TD asks Government and regulator to address high energy prices
Fianna Fáil TD also criticised the Government's approach to encourage people to improve their home energy efficiency
The Government and the Commission for Energy Regulation (CER) need to take immediate action to address the alarmingly high electricity prices Irish customers pay in comparison with our European counterparts according to Fianna Fáil Spokesperson on Energy Michael Moynihan TD.
Deputy Moynihan said: “Latest Eurostat figures show that Ireland has the third highest electricity prices in Europe. Irish households were also hit with one of the largest electricity price increases in Europe in 2014. The cost of electricity increased by 5.4% between 2013 and 2014, which is nearly twice the EU average of 2.9%.
“The figures are compounded by the fact that when you exclude taxes and charges, the real cost of electricity is higher in Ireland than in any other EU country. This is an appalling vista for hard pressed working families who are struggling to meet their weekly financial commitments. Some 26% of Irish electricity costs are down to Government taxes and levies which compares with just 5% in the UK.
Electricity prices in Ireland are still at an excessive level, despite the big decreases in global oil prices.

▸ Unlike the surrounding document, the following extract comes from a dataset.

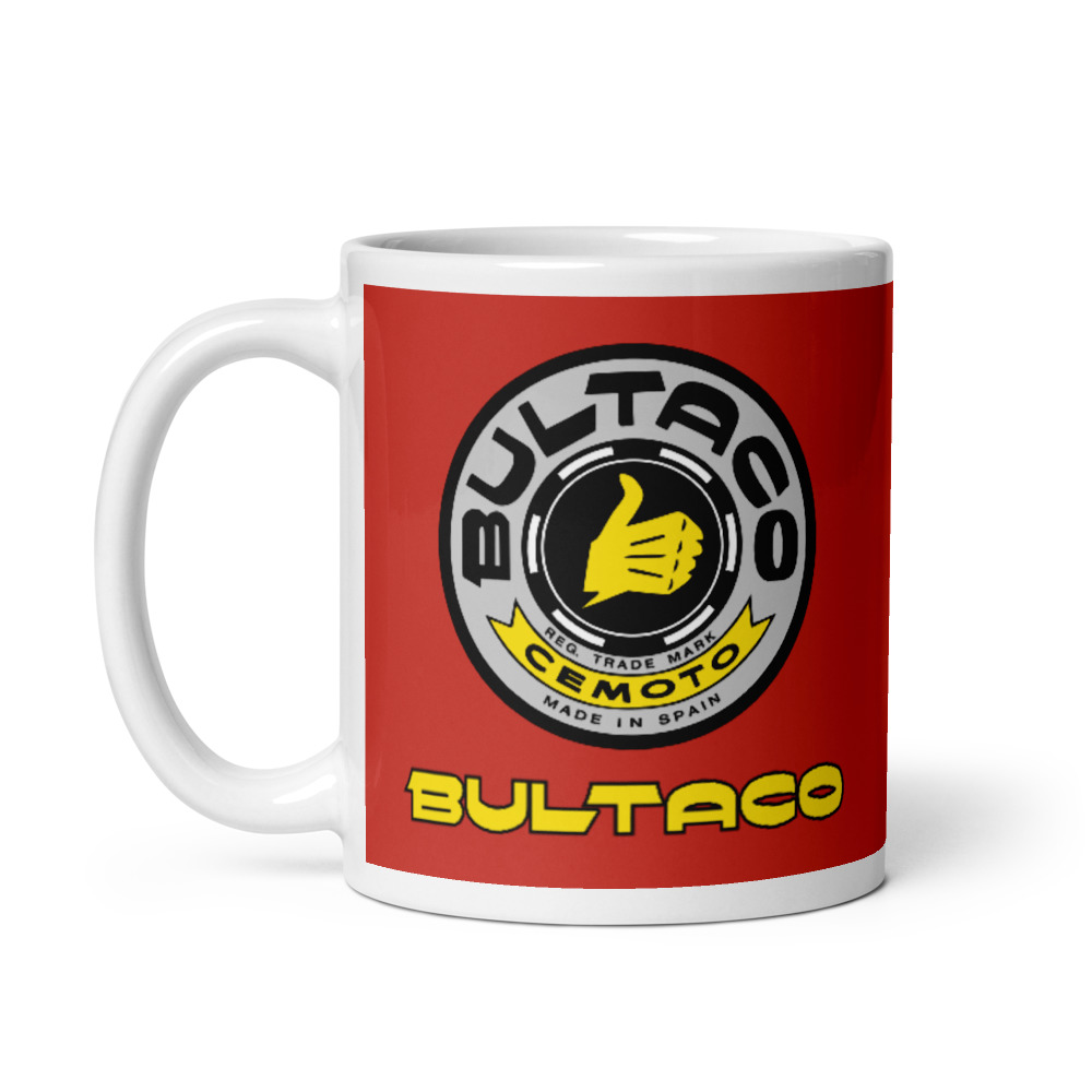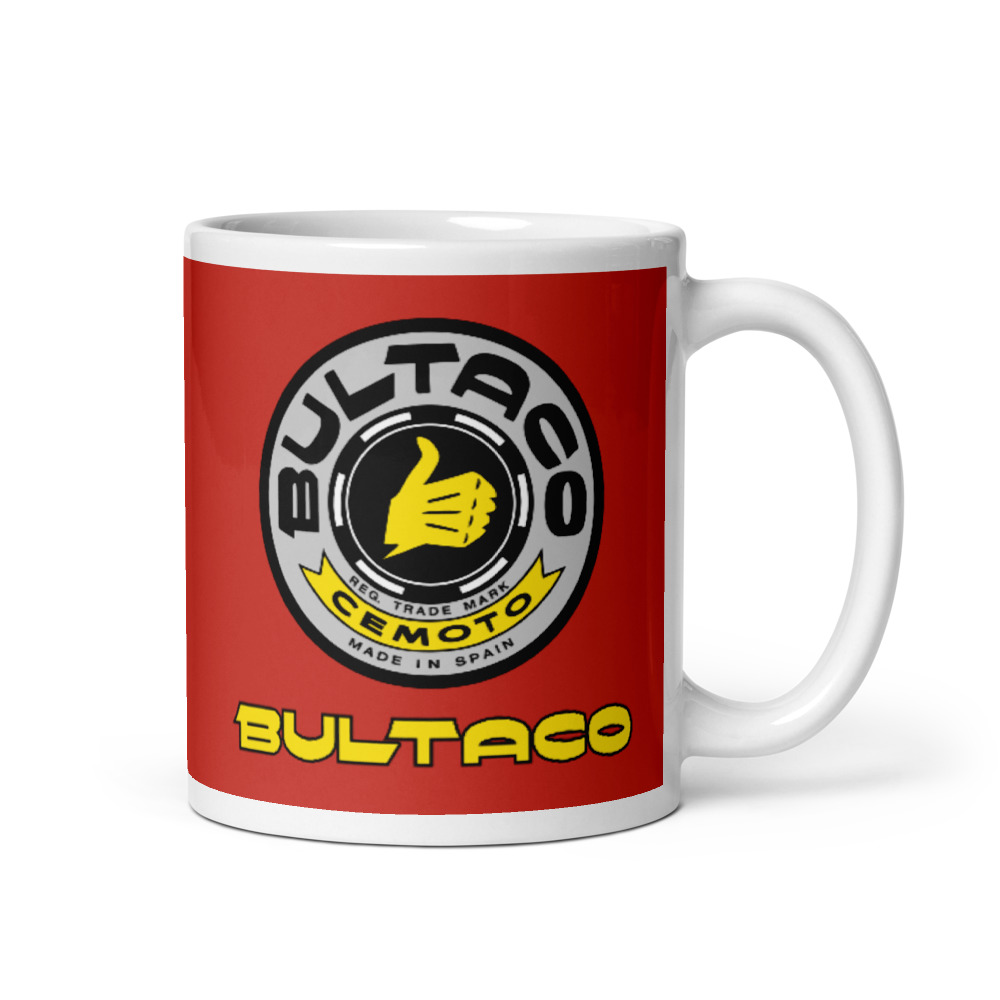 Enjoy your favorite beverage with a Red Bultaco Emblem Moto Mug.

Gas and electricity prices have soared since this Government came to power.
“The role of the CER is to protect the interests of consumers. However I have seen zero evidence of this over the past number of years.
“I have received no credible reason for energy prices not decreasing in Ireland in line with lower wholesale costs. The CER is not performing an essential role in protecting hard-pressed consumers.
“The CER maintains its hands are tied and it cannot directly involve itself in overseeing the prices being charged to consumers. Fianna Fáil is calling for the mandate of the CER to be changed so it can take a more proactive role in ensuring consumers receive value for money.
“Although the CER is an independent statutory body, it cannot be allowed to operate in isolation. Minister Alex White must ensure it carries out its function properly or else extend the body’s remit so it can protect consumers.”
“Entirely short sighted and counterproductive”
Deputy Moynihan also described the Government’s approach to encouraging people to improve the energy efficiency of their homes as “entirely short sighted and counterproductive”.
New figures supplied to Fianna Fáil show that less than €10 million in grants was provided under the Better Homes Scheme administered by the Sustainable Energy Authority of Ireland in 2014. This figure has been reduced since 2011, when €57.6 million was made available.
110,000 people took part during the first three years that the scheme was available. There has been a collapse in the number of households benefiting from the grant scheme after two separate rounds of cuts to the grants paid for activities such as wall insulation and upgrade of boilers.
Encouraging home insulation is effective as a means of reducing energy bills and Ireland’s dependence on imported fossil fuels but also as a means of supporting employment.
Deputy Moynihan commented: “In fact Ireland was developing a strong domestic industry with export potential when the government effectively pulled the rug from under the sector by slashing the available grants.
“Given the collapse in people availing of the grants, I have no doubt there has been a loss of jobs within the sector. It will also make it more difficult for Ireland to meet our retrofit and energy reduction target.
“This has been a badly thought out measure. It is very much in the interests of the State to encourage as wide a take up of insulation as possible. The recent review of the scheme is an admission that the cuts made to grants were very short sighted. The Minister needs to actively market the scheme and ensure that adequate funding is in place to maximise potential,” concluded Deputy Moynihan.